Authenticating art with a DNA database
While some folks claim to be unable to draw even a straight line, plenty of painters posses the skill necessary to recreate renowned paintings of such quality they’re indistinguishable from the original work. In some cases new art is created that mimics the style and technique of a painter, opening the possibility that it’s a long-overlooked masterwork, finally discovered. For dead artists, neither situation is such a big deal. For art lovers, it’s a bit more convoluted, since each new painting accepted as genuine rewrites art history to a degree, changing the cultural value of the original body of work.
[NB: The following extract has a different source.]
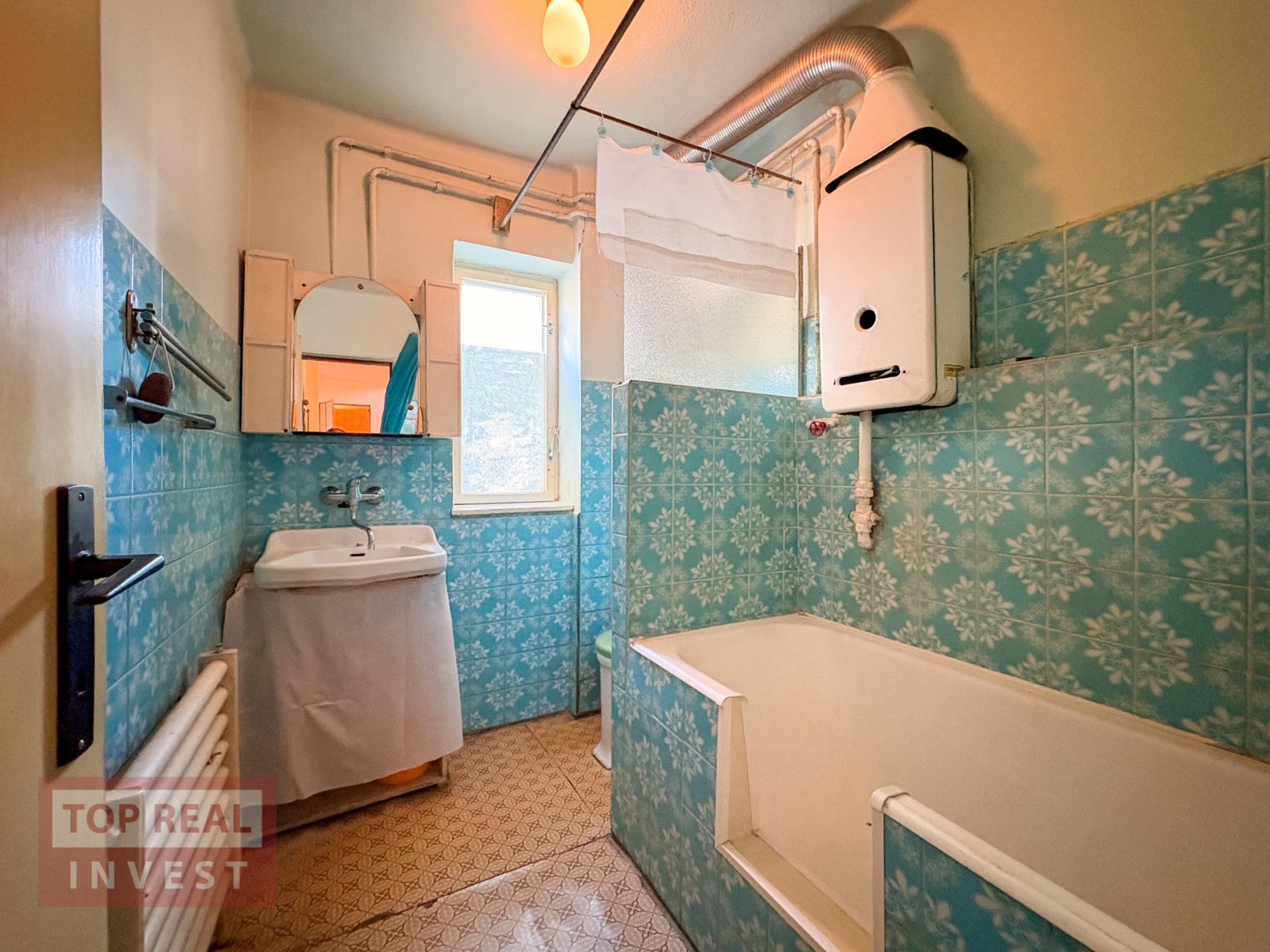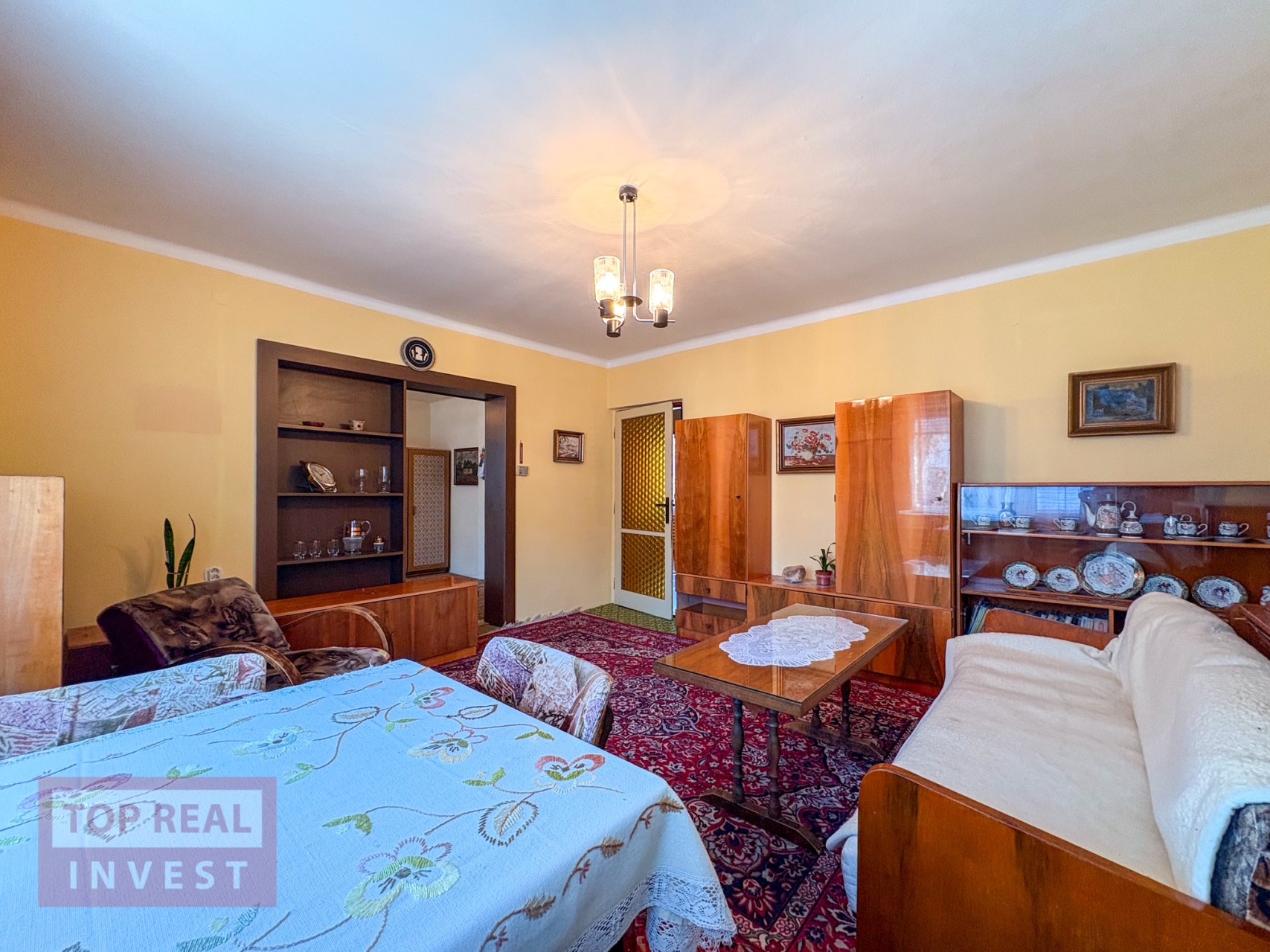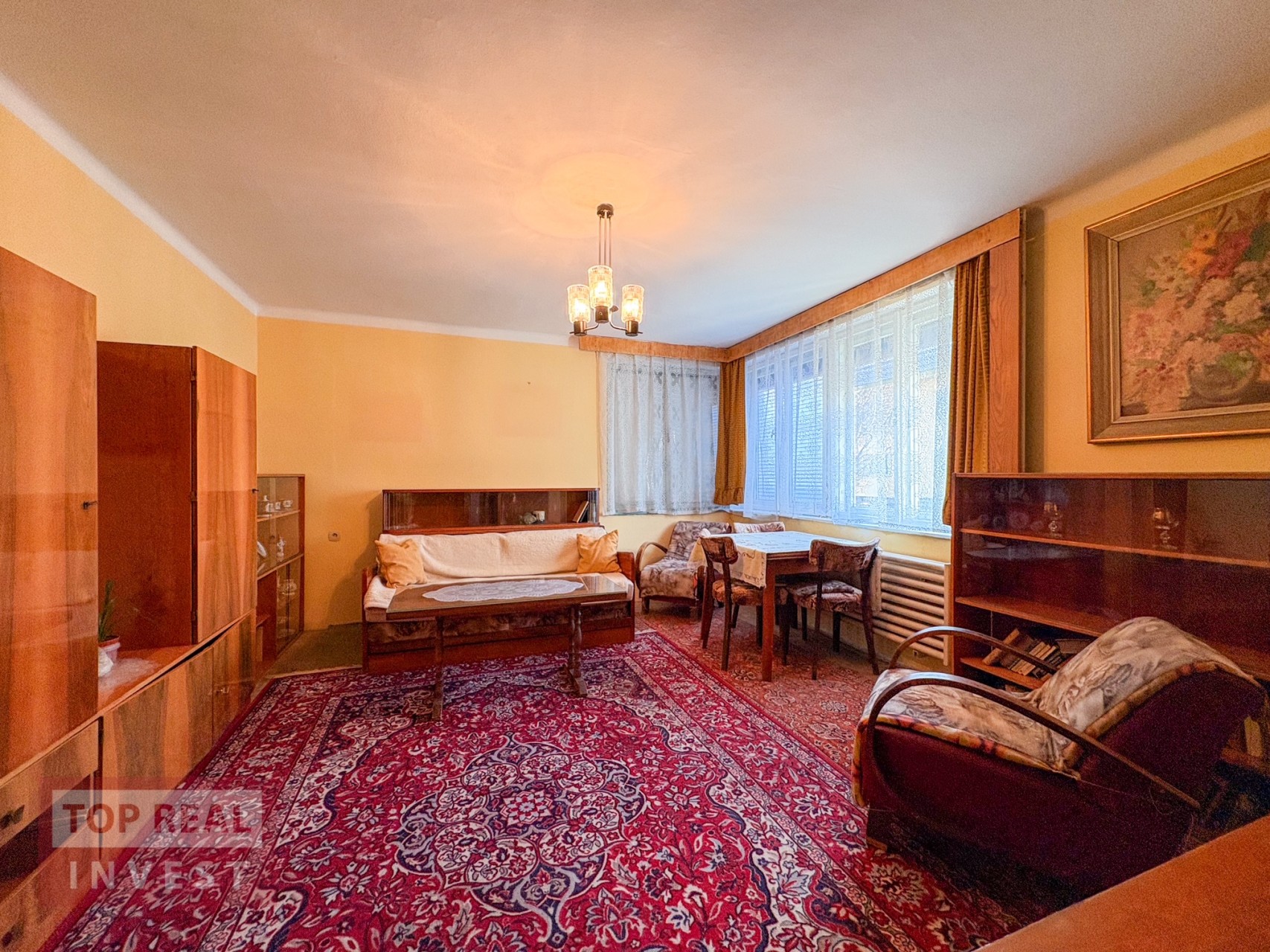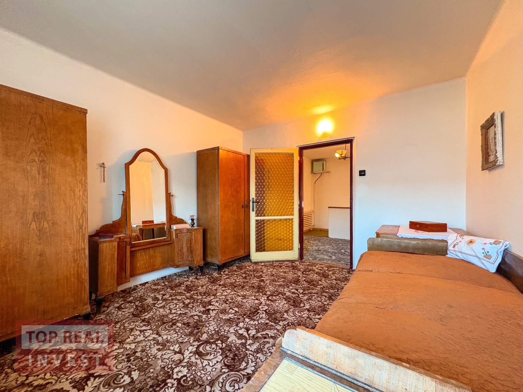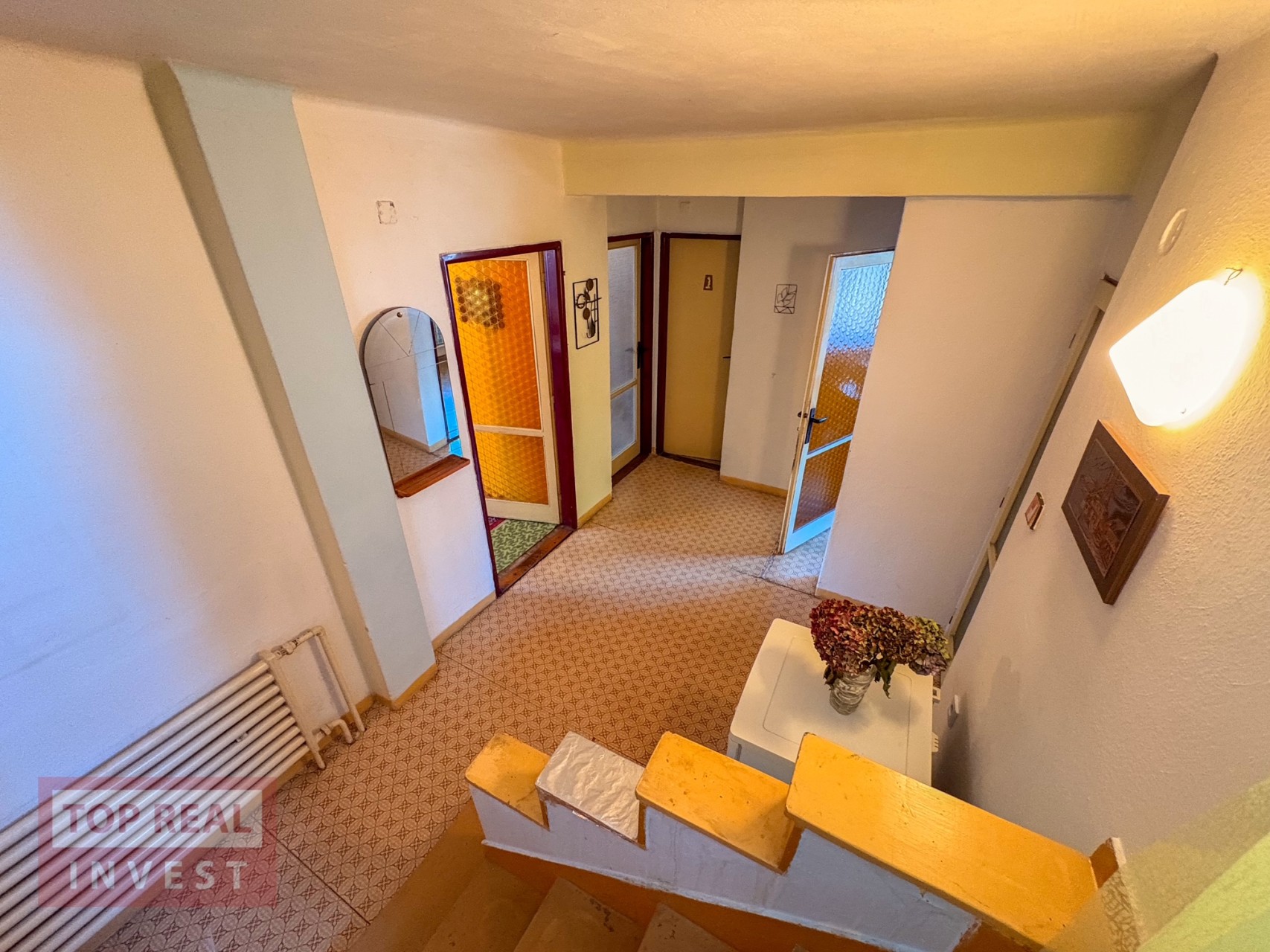 • prostorný obývací pokoj, samostatný pokoj (ideální jako pracovna či pokoj pro hosty nebo jídelna), kuchyně se spíží, koupelna propojená s WC (vana upravená na sprchový kout), zimní zahrada s krbem a vstupem na balkón s výhledem do zahrady

When that cultural value also motivates monetary value, collectors become concerned, and have been looking for ways to fight back against forgeries in the art market, even involving two million dollars of new DNA encryption technology.
Finding the fakes
Authenticating a painting usually involves both forensic tools and expert opinions. For older paintings, the materials can provide clues like carbon-dating canvases or chemical analysis of pigments. If the materials aren’t the purported age of the painting, chances are it’s a fake (or at least mislabeled.) Experts are often asked to verify stylistic details in paintings, comparing the everything down to individual brush strokes to see if they match the craftsmanship seen in other pieces by the same artist. The assumption is that each artist paints slightly differently, leaving an unintentional signature in the image simply by how they apply the paint. The problem with these methods is that, especially for potential forgeries of newer paintings, collectors and museums are left with the subjective opinions of experts without many ways to verify their assertions. With multi-million dollar prices on some paintings, people want to be sure they’re buying the history they think they are.
To solve this, a group of developers and bioengineers at the Global Center for Innovation at the State University of New York are trying to create embedded security tags for art. Encrypted key codes would be recorded in secure databases, to be matched against the code found in the art being verified. Do ensure the code was sufficiently complex and durable, the team is doing the embedding with synthetic DNA. The DNA would be provided by the developers, not the artist to ensure the system remains closed, plus saves the artists the trouble and potential privacy risks of sharing their own DNA.
Constructive copying
Even with all this effort to stop forgeries in the commercial art market, there’s no doubt that people will continue to make copies of famous paintings and drawings. In fact, there’s a good chance they’ll be asked to do so, as this practice has been considered a standard teaching method for artists for hundreds of years. The close study of every detail can be very informative, as artists often feel they’re seeing through the original creator’s eyes. In this way, they have to consider nuances to a painting that you’d otherwise overlook. Some painters were even known to make copies of their own work, either for sale or simply for practice and refinement. The ethics of these copies only comes in to question when people try to present them as something their not. Most painters and collectors agree that a copy is fine as long as it’s labeled as such. It’s only when something is being presented as the most valuable original that we feel the need to start tagging them as such.